Ok, I am on my way to create the mesh. So far I found out that it is a bit tricky to write an Octave script that writes that *.geo file for gmsh.
I have to use some for-loop to discretize the outer and inner circle of the tower.

e.g.
for k = 0:359
xCoord = outerDiameter * sin( conv_deg_to_rad(k));
yCoord = outerDiameter * cos( conv_deg_to_rad(k));
fprintf(fid, 'Point(%d) = {%f, %f, 0, %f};\n', point_counter, xCoord, yCoord, meshSize);
point_counter += 1;
end
It gets even more tricky to connect the lines afterwards, because since I want to completly automatize
the mesh-creation I have to walk along the inner and outer circle and the line numbers have to be uniqe.

e.g.
for k = 0:358
fprintf(fid, 'Line(%d) = {%d, %d};\n', k , k , k+1);
end
So, I thought one of you might know an easier solution, whether it is another meshing tool or another way to accomplish the automated creation.

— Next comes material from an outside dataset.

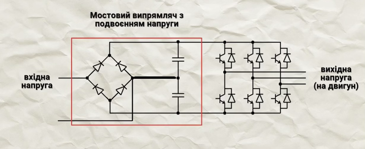 Таким образом, мы получим двойное напряжение звена постоянного тока, а именно не 310, а 620 Вольт. Имея такое напряжение, инвертор может «нарезать» необходимое напряжение 380, 400 или 440 Вольт.

I found a pdf here in the forum (viewtopic.php?f=9&t=704, download/file.php?id=417)
explaining how to create and numbering BCs while converting the mesh from gmsh to Elmer's format. And since this is not completly easy going I hope you can
show me the best way how to complete my task.
I would really like to use a clear unique naming for BCs in the mesh-data and BCs in Elmer's sif-file, e.g. BC_outer_001 or something like this. Is this
supported in Elmer (if yes, which suitable meshing tool does?) or do BCs have to be assigned using only numbers in the sif-file?